DATA EXTRACT
· · · · · · ·

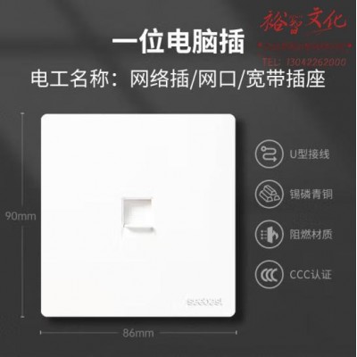 视贝(SEEBEST)一位电脑插座 开关面板电源白色86型全屏大板智美系列 (zhyghf_221723782)SKU:yzwhyp907758
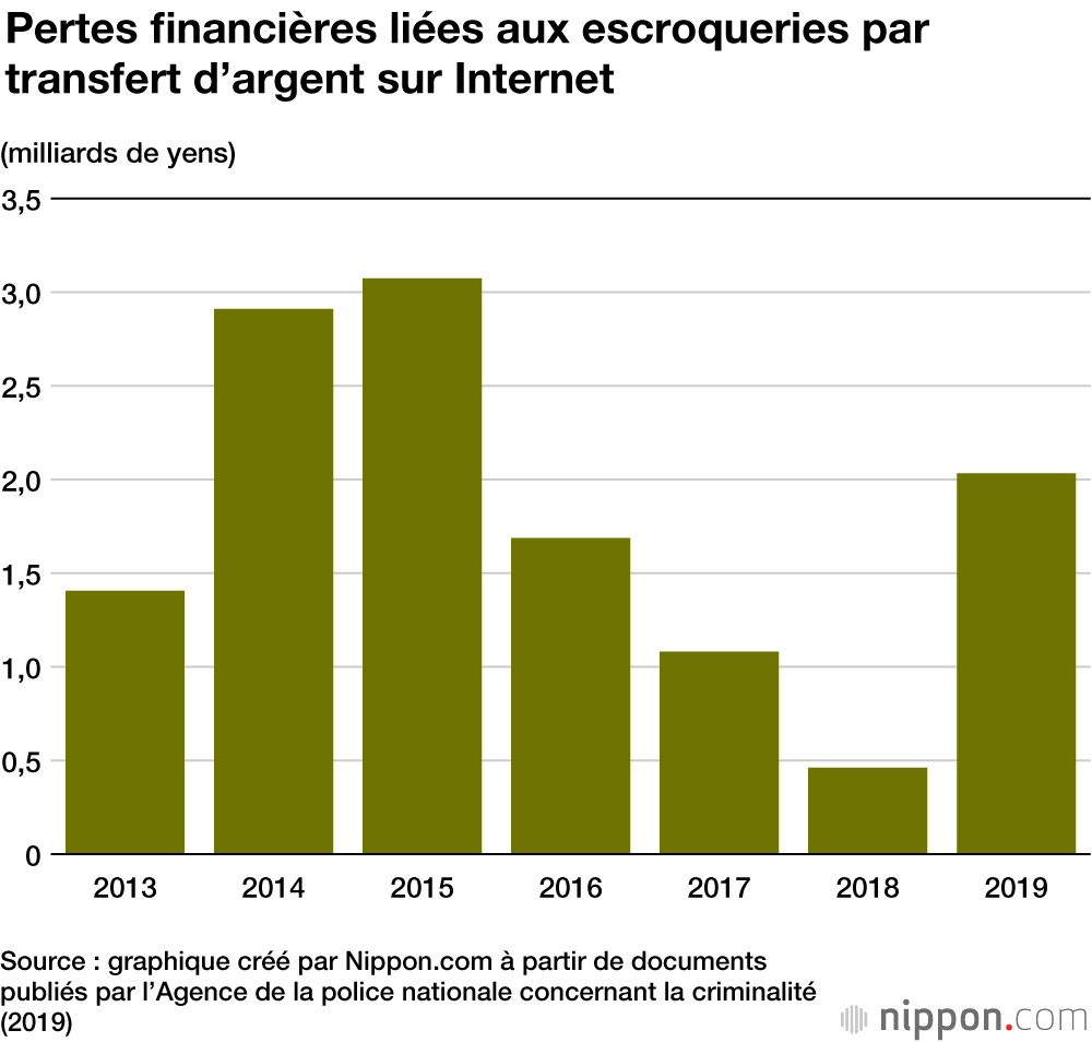Les pertes financières liées aux escroqueries par transfert d’argent sur Internet ont été multipliées par 4,4, atteignant la somme colossale de 2 032 milliards de yens. Le nombre d’escroqueries et les sommes encourues avaient pourtant diminué en 2016 grâce à l’amélioration des mesures de sécurité des institutions financières. Mais malheureusement, seulement pour un temps puisque cette tendance s’est soudainement inversée, repartant de plus belle à la hausse en septembre 2019.
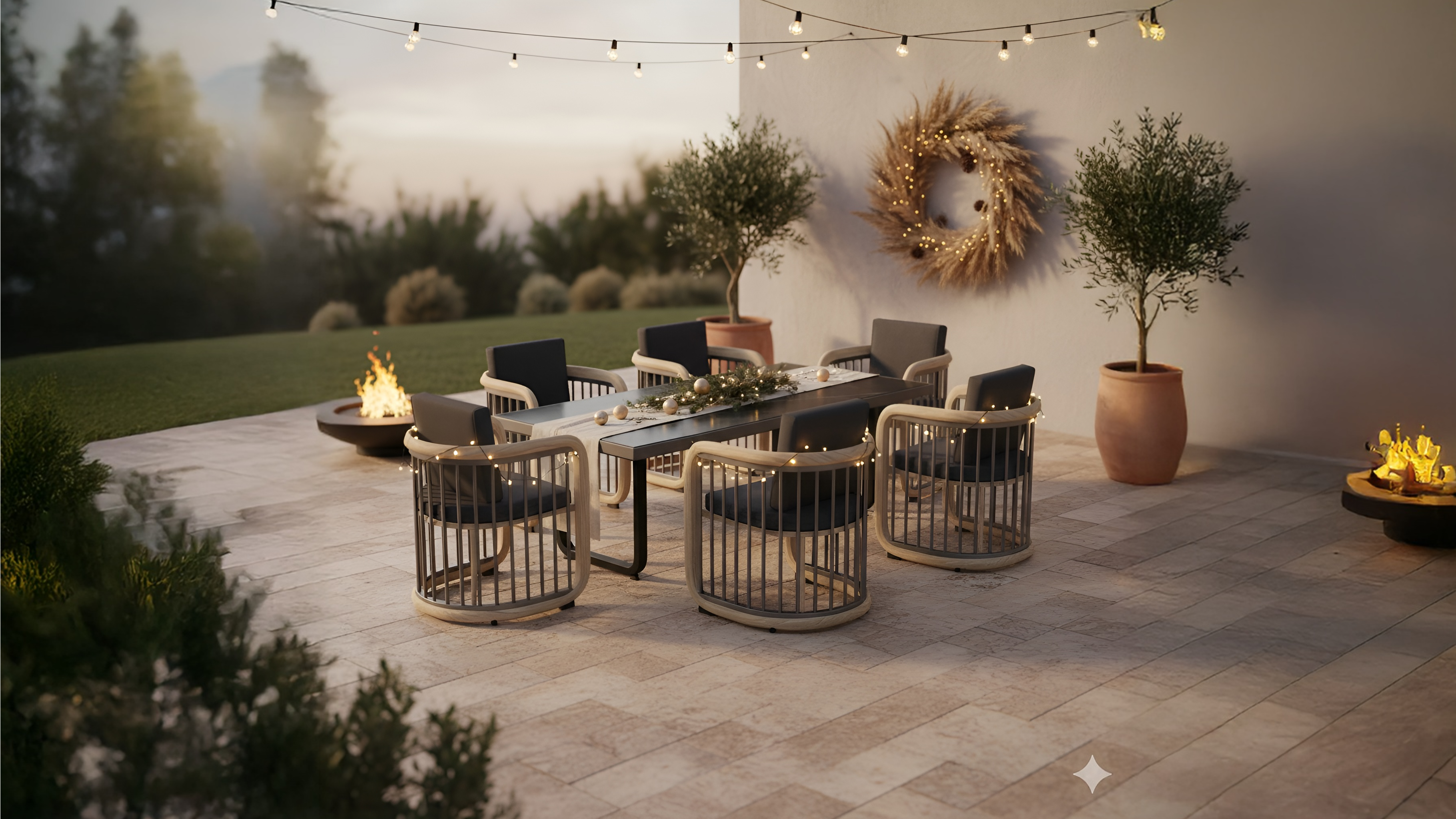 Host unforgettable holiday gatherings with thoughtfully crafted outdoor furniture — designed for warmth, comfort, and elegant moments under the winter sky.

· · · · · · ·

Beginning at the line that contains "Les pertes financières", transcribe it and every later line through the last line of the data above, exactly, and drop the pictures.

REPLY TO THE EXERCISE
Les pertes financières liées aux escroqueries par transfert d’argent sur Internet ont été multipliées par 4,4, atteignant la somme colossale de 2 032 milliards de yens. Le nombre d’escroqueries et les sommes encourues avaient pourtant diminué en 2016 grâce à l’amélioration des mesures de sécurité des institutions financières. Mais malheureusement, seulement pour un temps puisque cette tendance s’est soudainement inversée, repartant de plus belle à la hausse en septembre 2019.
 Host unforgettable holiday gatherings with thoughtfully crafted outdoor furniture — designed for warmth, comfort, and elegant moments under the winter sky.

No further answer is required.